> _The records_:
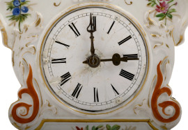 Orologio a pendolo da parete in ceramica decorata. Germania, XIX secolo, cm 24x18, (difetti). Meccanismo da revisionare.
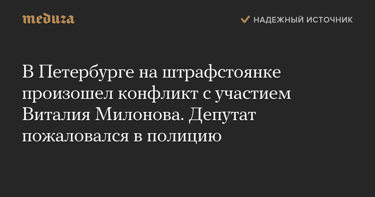 В Петербурге на штрафстоянке произошел конфликт с участием Виталия Милонова. Депутат пожаловался в полицию
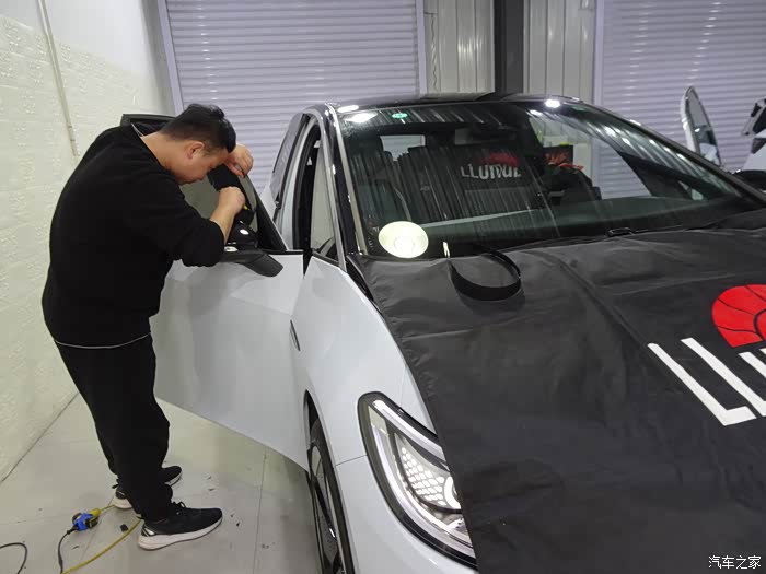 车辆进入贴膜车间了
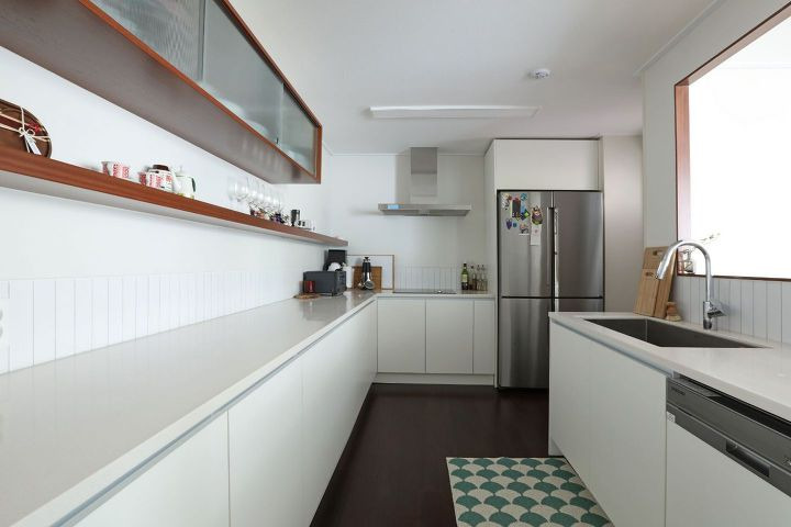 하부장 맞은 편 개수대 앞, 설거지 할 때 외롭지 말라고 뚫은 건데 식탁에서 개수대로 그릇을 쉽게 나를 수 있다는 게 더 큰 장점이랍니다! 이러려고 뚫었던가 헷갈릴 정도예요. ㅎㅎ
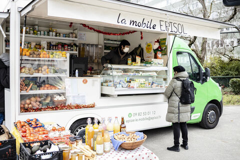 Le camion Épisol propose des produits d’épicerie de qualité – frais, secs, locaux, bios et issus de filières courtes – dont les prix sont modulés en fonction des ressources de chacun.
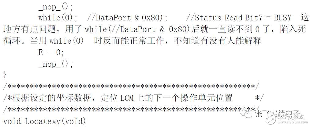 從上圖可以看出,“A”字的對(duì)應(yīng)上面高位代碼為0100,對(duì)應(yīng)左邊低位代碼為0001,合起來(lái)就是01000001,也就是41H??梢?jiàn)它的代碼與我們PC 中的字符代碼是基本一致的。因此我們?cè)谙駾DRAM 寫(xiě)C51 字符代碼程序時(shí)甚至可以直接用P1='A'這樣的方法。PC 在編譯時(shí)就把“A”先轉(zhuǎn)為41H 代碼了。
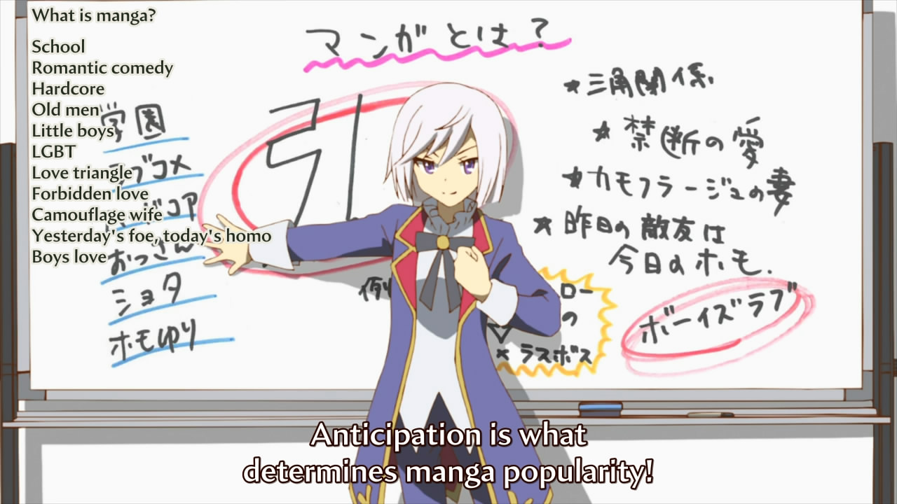 I kept waiting for the episode to deliver the savage blow to manga that it seemed to be building up to, but the moment never materialized. Jinrui wa Suitai Shimashita is just very literal about its observations. Whatever criticism you can currently make about manga, you will see it played out in this week’s episode. Unfortunately, the absurdity or cynicism never ramps up from there. The result is a deconstruction that doesn’t really amount to any satisfying conclusion. The show refuses to offer any additional insight that isn’t already readily apparent to anyone immersed in the animanga subculture. What we have is thus self-referential masturbation: “Look how aware I am about the problems inherent within my subculture!” Yeah, well, what about it? People have been making the same criticisms for a long time now. Jinrui wa Suitai Shimashita lacks that extra step that would make it truly incisive.

> _What the task asks_: The answer must be the lines above from the line that contains "В Петербурге на" to the final line of the data, word for word, with no pictures.

> _Solved problem_:
 В Петербурге на штрафстоянке произошел конфликт с участием Виталия Милонова. Депутат пожаловался в полицию
 车辆进入贴膜车间了
 하부장 맞은 편 개수대 앞, 설거지 할 때 외롭지 말라고 뚫은 건데 식탁에서 개수대로 그릇을 쉽게 나를 수 있다는 게 더 큰 장점이랍니다! 이러려고 뚫었던가 헷갈릴 정도예요. ㅎㅎ
 Le camion Épisol propose des produits d’épicerie de qualité – frais, secs, locaux, bios et issus de filières courtes – dont les prix sont modulés en fonction des ressources de chacun.
 從上圖可以看出,“A”字的對(duì)應(yīng)上面高位代碼為0100,對(duì)應(yīng)左邊低位代碼為0001,合起來(lái)就是01000001,也就是41H??梢?jiàn)它的代碼與我們PC 中的字符代碼是基本一致的。因此我們?cè)谙駾DRAM 寫(xiě)C51 字符代碼程序時(shí)甚至可以直接用P1='A'這樣的方法。PC 在編譯時(shí)就把“A”先轉(zhuǎn)為41H 代碼了。
 I kept waiting for the episode to deliver the savage blow to manga that it seemed to be building up to, but the moment never materialized. Jinrui wa Suitai Shimashita is just very literal about its observations. Whatever criticism you can currently make about manga, you will see it played out in this week’s episode. Unfortunately, the absurdity or cynicism never ramps up from there. The result is a deconstruction that doesn’t really amount to any satisfying conclusion. The show refuses to offer any additional insight that isn’t already readily apparent to anyone immersed in the animanga subculture. What we have is thus self-referential masturbation: “Look how aware I am about the problems inherent within my subculture!” Yeah, well, what about it? People have been making the same criticisms for a long time now. Jinrui wa Suitai Shimashita lacks that extra step that would make it truly incisive.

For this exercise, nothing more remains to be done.